Activity
Restate the data below word for word, and let no image into your version.

Available data
%%

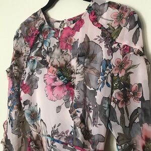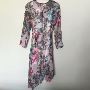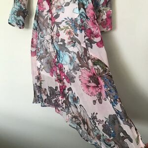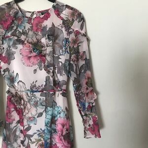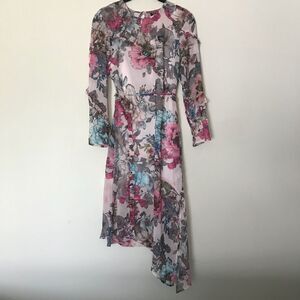 Topshop 4 ruffle detail floral print asymmetric hem dress
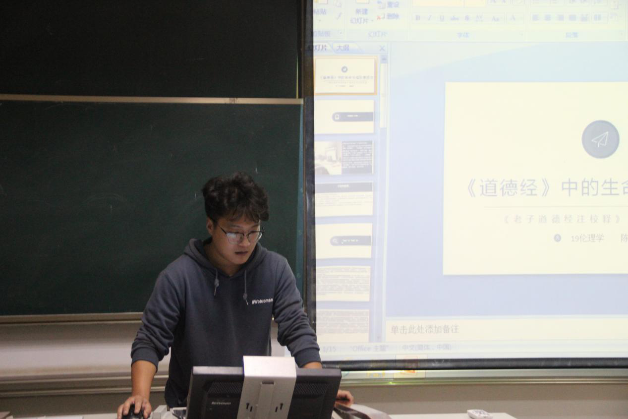 本期政研论坛读书交流会围绕伦理学相关专业书目及人物思想展开讨论。2019级陈吉彪同学分享了老子的《道德经》。从《道德经》中对生命伦理思想的探讨为出发点,具体在“修德”与“贵生”精神、生死观以及生命价值和修养价值这三个方面加以阐述。老子生命伦理思想并没有像现代西方伦理学那样,为人类找到或提供现代医学发展所带来的道德两难问题的解决方法或原则,老庄生命伦理思想是一种与观身、修身、存身、保身、贵身、爱身以及爱生等生命思想紧密相连的。这不仅能为当代生命伦理学思想研究注入中华民族的智慧,为建构具有中国气质的生命伦理学提供丰厚的文化资源,而且有助于世人更为自觉地、合乎道德地安顿自己的生命。
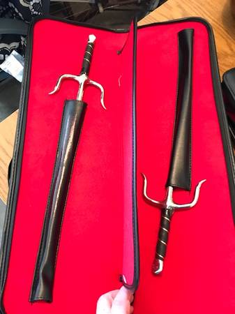 Youth "Do Jo" martial arts training equipment! Like New: A pair of Sai with case. A pair of competition Kama with case. 3 various sized tapered Bo Staff. 1 Bokken at 33" overall length. Moderate...

%%

Reply
 Topshop 4 ruffle detail floral print asymmetric hem dress
 本期政研论坛读书交流会围绕伦理学相关专业书目及人物思想展开讨论。2019级陈吉彪同学分享了老子的《道德经》。从《道德经》中对生命伦理思想的探讨为出发点,具体在“修德”与“贵生”精神、生死观以及生命价值和修养价值这三个方面加以阐述。老子生命伦理思想并没有像现代西方伦理学那样,为人类找到或提供现代医学发展所带来的道德两难问题的解决方法或原则,老庄生命伦理思想是一种与观身、修身、存身、保身、贵身、爱身以及爱生等生命思想紧密相连的。这不仅能为当代生命伦理学思想研究注入中华民族的智慧,为建构具有中国气质的生命伦理学提供丰厚的文化资源,而且有助于世人更为自觉地、合乎道德地安顿自己的生命。
 Youth "Do Jo" martial arts training equipment! Like New: A pair of Sai with case. A pair of competition Kama with case. 3 various sized tapered Bo Staff. 1 Bokken at 33" overall length. Moderate...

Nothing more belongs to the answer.